I was just reading a letter from Matthew Palm where he argued that “No on A is a generational war.” He makes the point, and I think it is one that people should heed if they own a home in Davis or have a job in Davis – you have a different view of the world than those just coming out of college, or even in college looking for housing and jobs in Davis.
Okay, his message is more accusatory and visceral than that, but that’s how I view it. The push-back came in the comments: “It is so disappointing to see this angry and misinformed letter. Quite the contrary, those of us who have been opposed to the Nishi project have been doing this … for the millennials and and the opportunists are the ‘Yes on Nishi’ developers in this election, not the ‘No on Nishi’ side.”
Just as I think the original message was unhelpfully accusatory, the response is almost arrogant – hey millennial punk, we are doing this for you whether you know it or not.
In other columns, I have made light of comments, like those from Michael Harrington, who has called the project the worst he has ever seen, likened it to a student ghetto, and told people it would wreck the southern entrance of town.
The reality is that I believe we need more student housing than we currently have. I believe that a 0.2 percent vacancy is a crisis, and I think we have to at least skeptically assess the university’s vague and unenforceable commitment to housing 90 percent of new students in the next decade – Nishi is not going to solve those problems.
I mean it when I say that Nishi ends up being a balancing act between the housing it provides and the downside risks of traffic, congestion and air quality.
I disagree with Mr. Harrington in the sense that Nishi isn’t going to wreck the southern entrance to town – it is already wrecked. Try driving from my kids’ school at Montgomery to my office in downtown Davis. I don’t even bother during the school year. Whoever thought it was a good idea to funnel traffic off the highway into a merge on Richards was smoking crack.
We have known about this problem for decades, and yet we couldn’t even figure out how to re-route university traffic to the west.
The entrance is wrecked. Will Nishi make it worse? Maybe. At least Nishi has a reasonable plan and they are putting money behind it to fix it.
If you believe Nishi is going to make traffic worse on that stretch, by all means, vote no.
Here is the Davis world as I see it and, at the end of the day, Nishi really is only a very small piece of the puzzle one way or the other.
First, Davis faces two huge challenges in the next decade. The first is that the university is growing faster than the city’s capacity to house the new students. While the university has agreed to take on a huge amount of that growth in the form of student housing, it does not take on all of the growth.
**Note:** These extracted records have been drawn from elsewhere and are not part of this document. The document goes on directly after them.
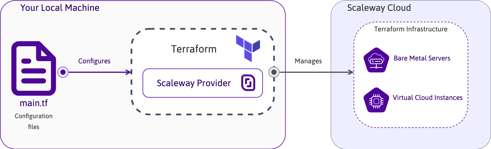 To create a first Instance using Terraform/OpenTofu, you need a declarative configuration file. This file contains all the information on machine characteristics required to deploy. It has to be written in the Hashicorp Configuration Language (HCL). The deployment of Scaleway resources is done using the Scaleway Provider for Terraform/OpenTofu. For more information about HCL, refer to the official documentation.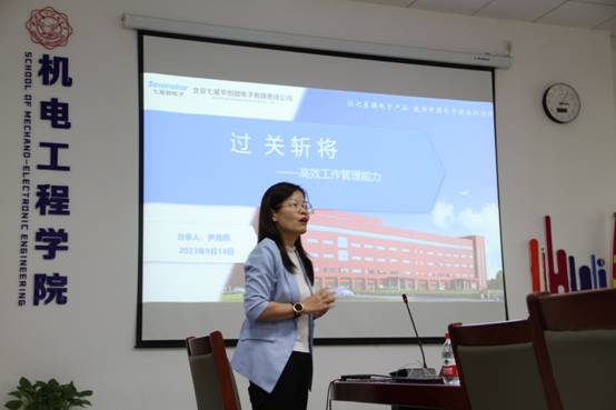 就业相关讲座《职业素养之高效工作管理能力》在主楼三区145北会议室举行,本次讲座由北京七星华创HR尹海燕及电源研发部部长李建军讲授,向各位同学介绍了就业相关情况及公司概况。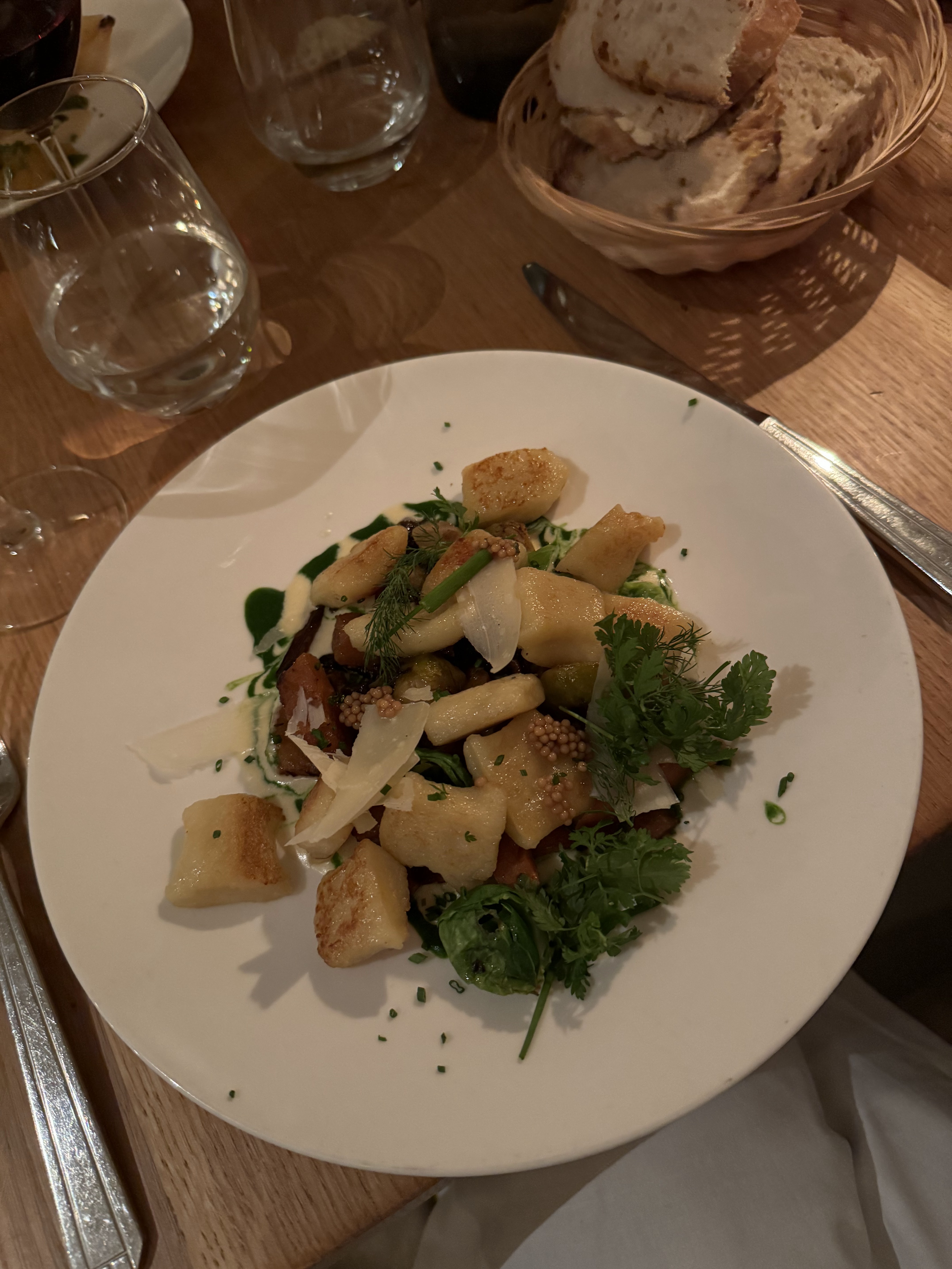 Une cuisine et des vins délicieux d'un excellent rapport qualité-prix, dans un cadre magnifique avec un service charmant. Nous y sommes allés un vendredi soir et bien que ce soit clairement un endroit plutôt cool pour sortir, ils ont été très accommodants avec notre tout-petit qui a adoré son menu pour enfants - le plus chic que nous ayons jamais vu - essentiellement une version mini de deux des plats principaux pour adultes. cours pour une bonne affaire 16 EUR (le tarif en vigueur partout ailleurs semble être de 12 EUR mais celui-ci était de loin supérieur). Je le recommande vivement.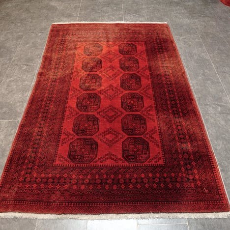 Uld af topkvalitet. Dette tæppe er vævet i Afghanistan med uld af høj kvalitet.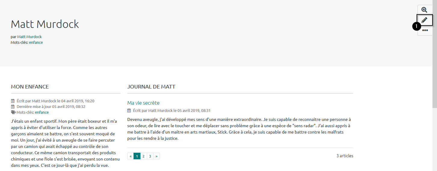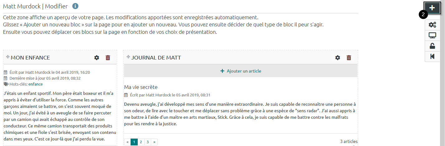 Par défaut, la hauteur allouée au bloc est de 500px, elle est modifiable. Vous pouvez aussi ajoutez des mots-clés à associer au bloc. Si vous souhaitez que le fichier puisse être en partie caché par les utilisateurs qui consultent votre « Page », sélectionnez « Oui » dans le menu déroulant de l’élément « Rétractable ».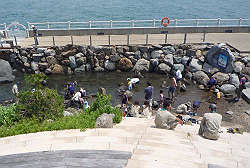 | そして灯台の防波堤は釣り人がズラリ。 |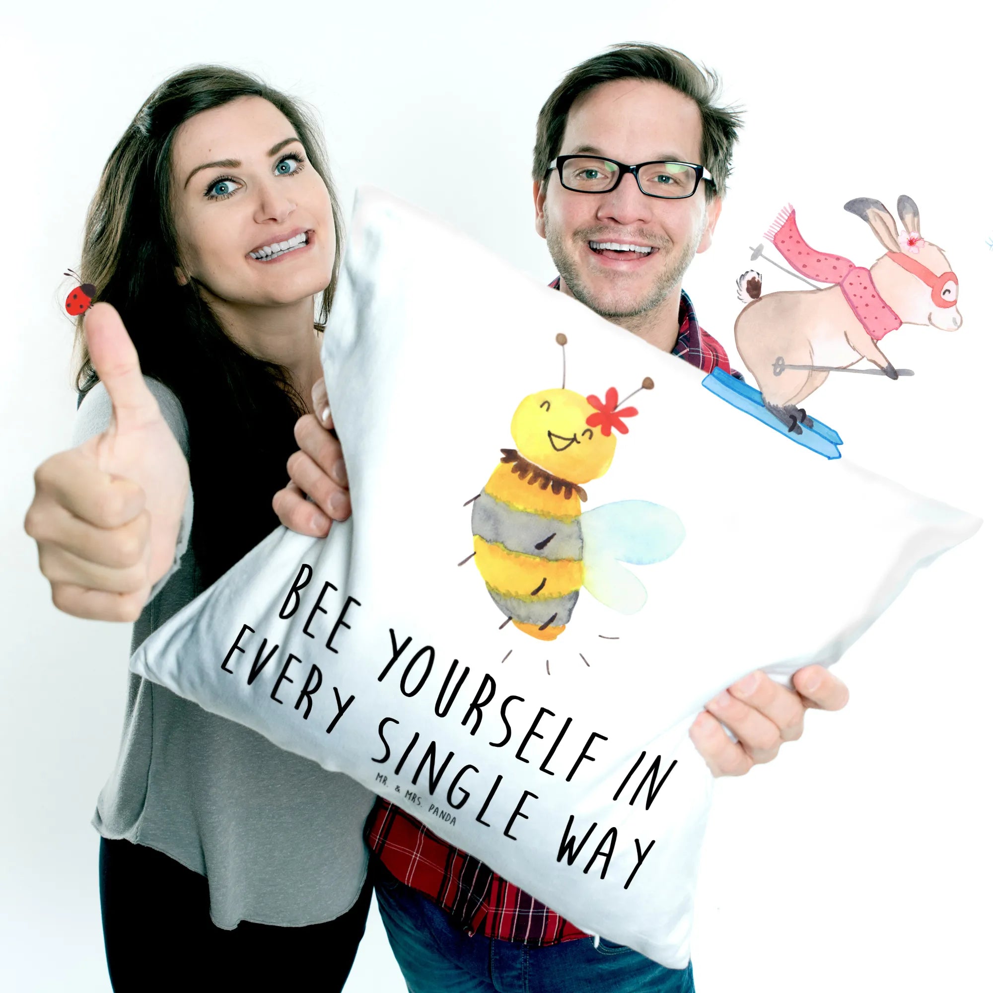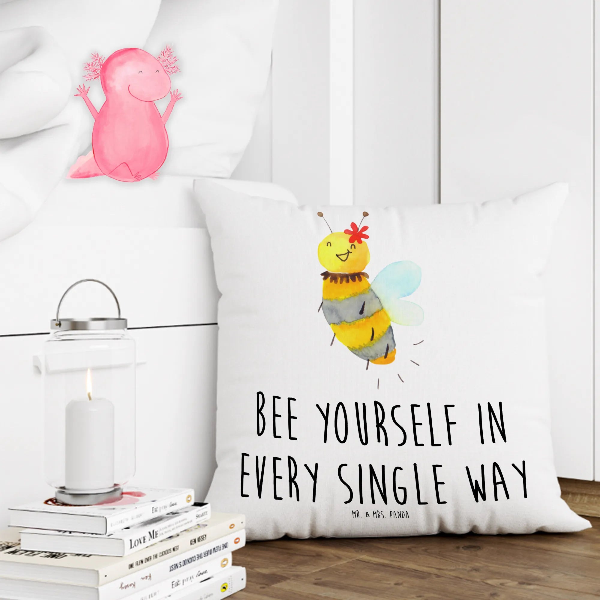 40x40 poduszka pszczoła kwiat - z napisem - Pastelowy żółty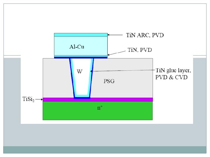 q Barrier Layer q To prevent aluminum diffusion into silicon (junction-spiking) q Ti. N is widely used barrier material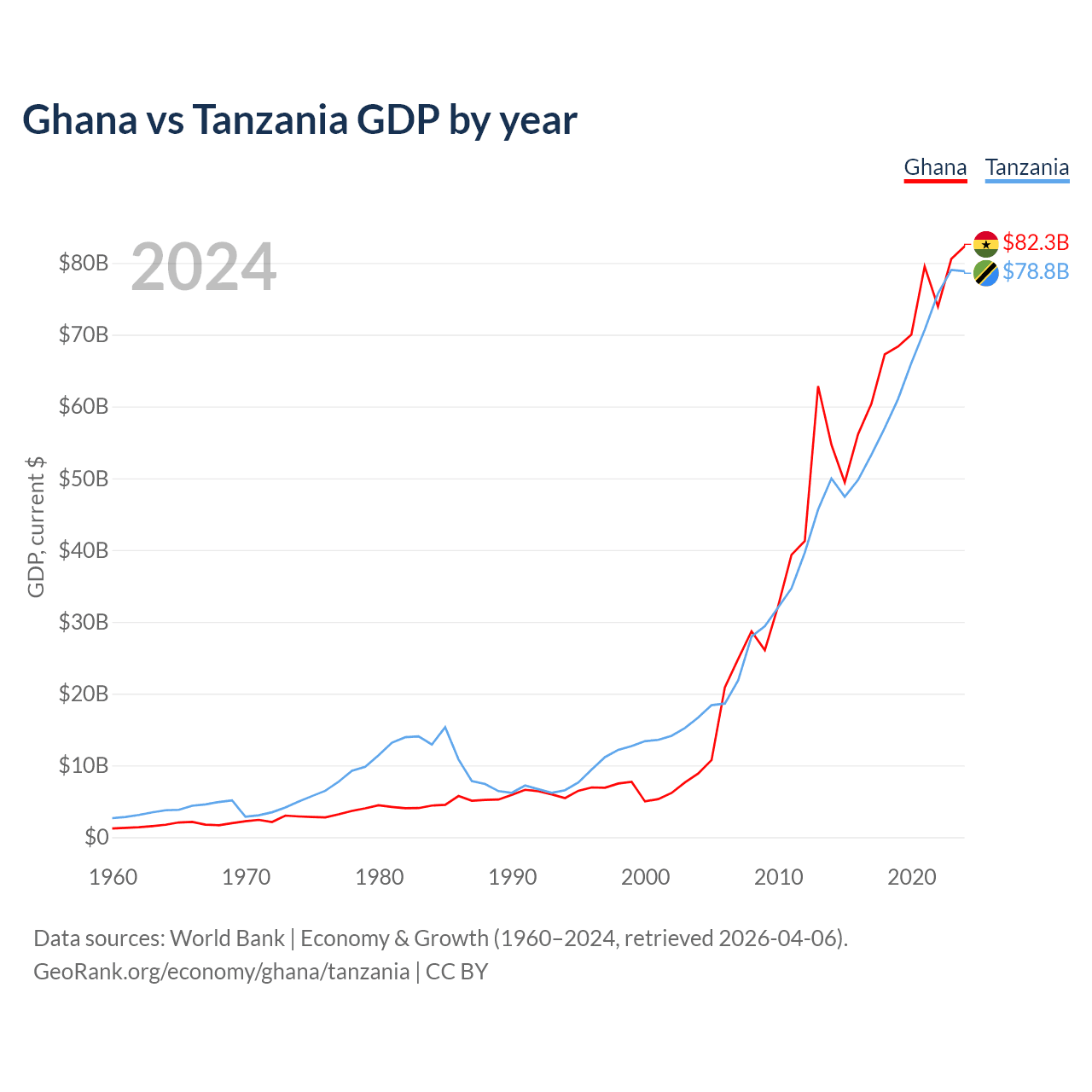 Ghana has a GDP of $82.3B compared to $78.8B for Tanzania, ranking 80/197 and 82/197 by economy size, respectively.

In fact, it only addresses part of the problem because, while they will be housing 90 percent of the new students in theory, that still leaves faculty and staff to be housed.
All of that assumes they follow through on their commitments – and, given the delays on West Village and the lack of follow through on other aspects, we should treat that promise as sincere, but treat it skeptically.
While I have focused my analysis on student housing, hoping that by housing more students we free up single-family homes for families, we can point out the shortfall of single-family homes, the decreasing pool of people my age and the rising senior population with no transitional homes.
Not many people want to blow up our borders, but we need to figure out a way to provide some housing for the current need.
The second problem can be seen as the Vanguard’s raison d’etre for years. We have spent more rapidly over the last 10 to 15 years than our revenue stream can keep up with and, as a result of the shortfall in revenue and the downturn in the economy, we have a huge deficit in the form of unmet needs.
We can rejoice that the economy has improved to the point where we can pump in one-time money to address a few infrastructure needs, but the number we have is scary – $655 million. That comes to about $32 million a year for 20 years.
The reality is that one of my chief complaints about Nishi is that it really doesn’t resolve either crisis. We have a huge shortfall in housing and, while 1500 beds may be helpful, a project like Poly Canyon Village on a smaller piece of land provides a much greater amount of housing.
At the same time, while the project touts 1500 jobs and $1.4 million in revenue – two numbers which opponents question – neither of those make a huge dent in our needs.
We have lost one big peripheral innovation park project for sure in Davis Innovation Center. Mace Ranch Innovation Center (MRIC), on the other hand, is not dead yet, but it is paused. Those would have provided the space to meet our economic development needs.
Here’s my point – we have huge needs. We can argue about how far Nishi goes toward addressing them. We can argue about whether the weaknesses of the project suggest we should vote no.
But whether Nishi passes or fails at the polls on Tuesday – and right now I think it’s a coin flip – we need to figure out how to fix these problems.
Because, at the end of the day, our great community is not going to be so great if we can no longer pave our roads, maintain our parks, bike paths and green belts, or house our young college students.
We have become so polarized and even paralyzed over a 45-acre, 650-unit project that I am skeptical that we can come together to address our needs. But Matthew Palm had one thing right in his piece – I think the next ten years are going to bring huge change.
The old guard in this town have done some amazing things, but unless we make some small and incremental changes, we will lose this community as we know it. Come June 8, we have to figure out a way to come together, regardless of the outcome of Measure A and figure out a path forward for our community.